The greatest startup failure?

The most recent is, probably, WeWork – they blew out a lot of money! They had such a great opportunity in front of them and they did not capitalize on that. 

Are you satisfied with what you do, or do you think to apply your knowledge and skills to something else in the future?

I don’t know an investor who doesn’t think about that. Ok, maybe, some of them don’t. It’s humans’ nature: we’re always naturally want to grow and change. As an investor, you’re exposed to so many ideas that, on occasion, something lights a fire for you. I think you’re always thinking about what’s next or how to do something different or better – it’s human nature. 

What qualities, you think, are important to be a good VC? 

Faith in a founder – really believing in your founders, supporting them, and being on their side. A lot of VCs approach this with “You’re working for me now and will listen to my orders” orientation, and it kills companies. So, believing in the founders, supporting them, helping them, sitting on the same side of the table with them – that’s a really important quality. You also have to be able to create a friendly founder-investor agreement. Another important quality is believing in your own decisions. It’s amazing to me how many VCs out there are wanting to get on the bandwagon and are not interested in something until a lot of other investors are interested in it. The great VCs are ones that have belief and faith in their own ability to pick and make a decision, rather than looking at others for a verification that is not a stupid idea. Of course, you need to generate returns for your LPs. 
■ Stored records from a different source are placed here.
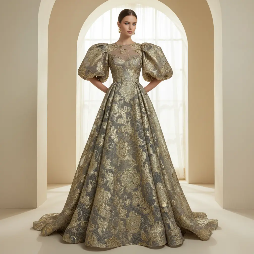 Tessuto Organza jacquard ideale per realizzare capi eleganti e strutturati, si presta alla creazione di abiti ampi, giacche e gonne.
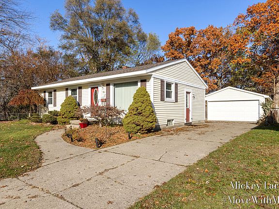 This is the one! Professionally-finished basement. Custom kitchen cabinets (matching custom table & chairs stay!). Fenced-in backyard backing to woods and cul de sac in front make it as private as it gets in the city. Finished extra-deep fully-insulated garage with storage above and a large, clean lean-to workshop with electricity. Walking distance to expanding Wyoming trail system. Solid, stylish, and well-maintained...this one checks all the boxes!
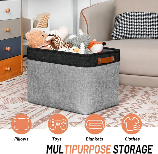 DULLEMELO Fabric Storage Bins - Decorative Large Baskets for Home Shelves & Bedroom, Canvas Toy Organizers (Black & Gray)
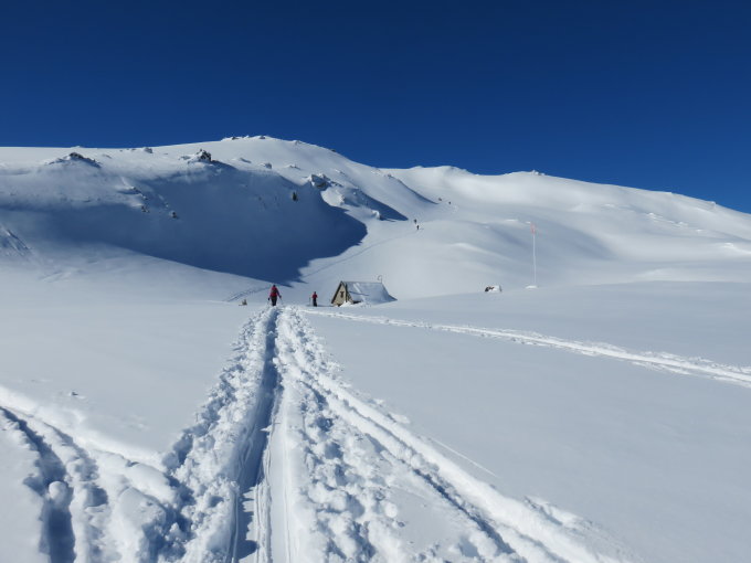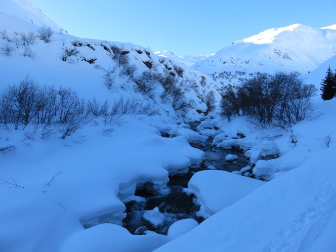 Es liegt sehr viel Schnee. Wetterabhängig.
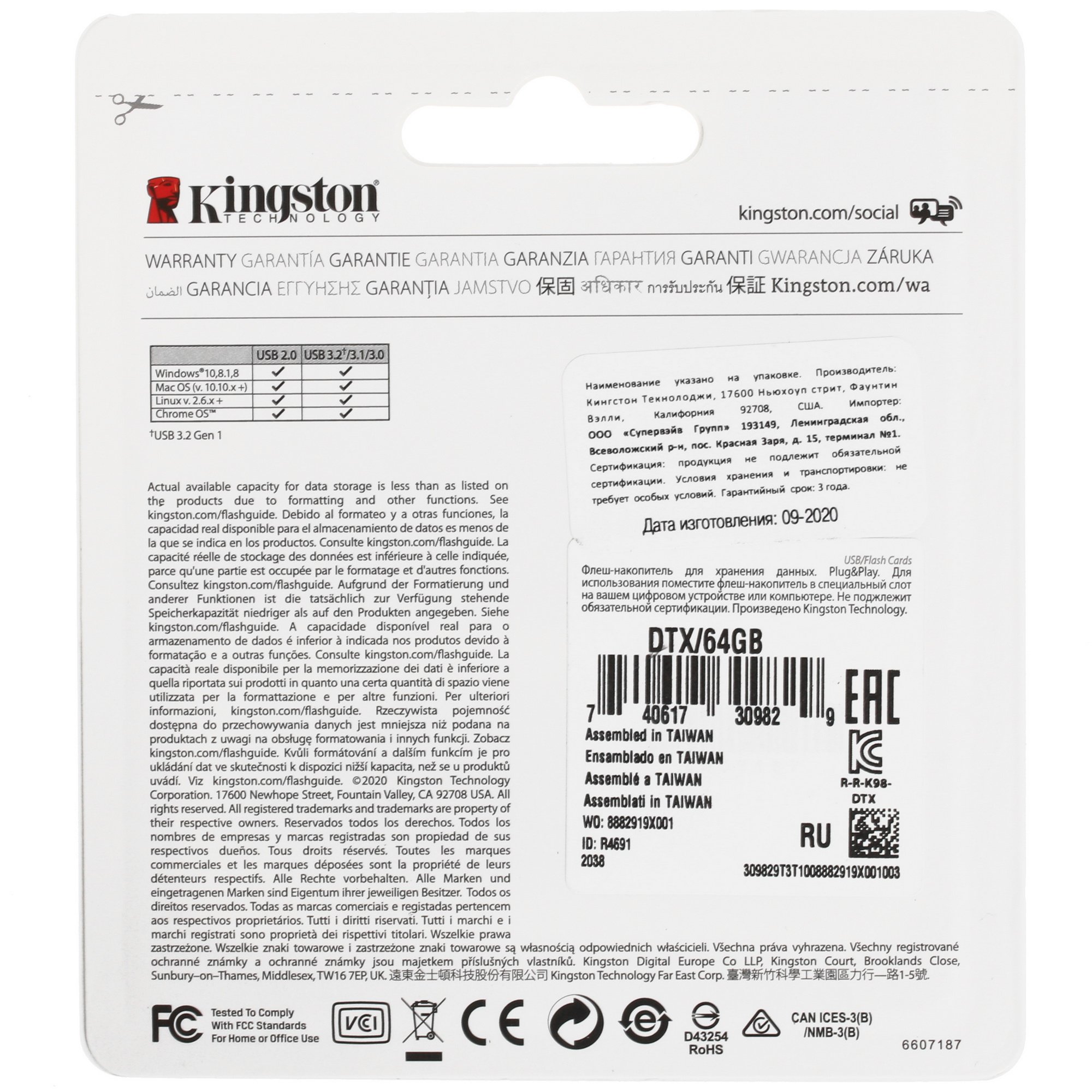 Память USB Flash Kingston DataTraveler Exodia обладает объемом 64 ГБ, что предоставляет возможность хранения весьма большого количества документов, музыки, фото, видео и прочего контента. Интерфейсный разъем USB версии 3.2 Gen 1 обеспечивает высокие показатели быстродействия и простое подключение к настольному компьютеру, ноутбуку, телевизору и другим устройствам с поддержкой соответствующего порта. Накопитель Flash Kingston DataTraveler Exodia выполнен в компактном пластиковом корпусе со съемным защитным колпачком и креплением в виде кольца для простой фиксации на брелке.
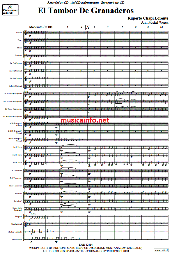 El Tambor de Granaderos - cliquer ici El Tambor de Granaderos (orchestre d'harmonie; ou; orchestre de fanfare), partition et pièces
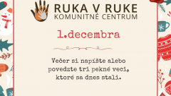 V Ruka v ruke veríme, že dobré veci vznikajú, keď sa rodiny zastavia, počujú sa a sú si nablízku.Preto sme pripravili 24 inšpirácií – malé gestá, či aktivity, ktoré prinášajú pokoj aj radosť do každodennosti.Každý deň adventu vám prinesieme jednu.Poďme prežiť tento čas spolu – ruka v ruke.
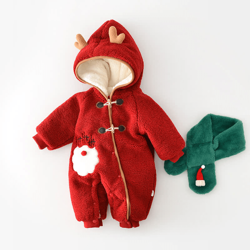 HO Baby Deer Fleece Lined Hooded Romper with Scarf
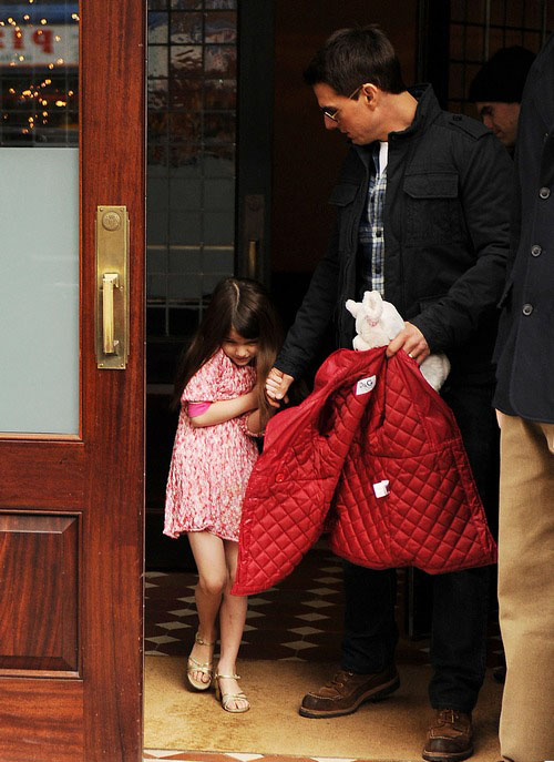 Suri hốt hoảng gục đầu vào bố Tom vì sợ phóng viên

VC can be a beautiful alignment of success and outcome from LP to investor to founder to employees in the company if you get it right. If we can support the companies in their growth, we can hope that everybody in the entire stack becomes successful. I don’t look at startup – I look at the people behind the startup. I’ve done a lot of traveling in my days in a lot of different countries. It’s very very rare that I see a business pitch and it’s something I haven’t heard before. Because of that, I tend to go once that is further which is a look at the people, and the people, in most cases, are phenomenal. They are beautiful, driven, excited, fired-up, passionate, curious, hard-working – and that, for me, is as beautiful as it can be. It’s the human spirit in the full expression of joy.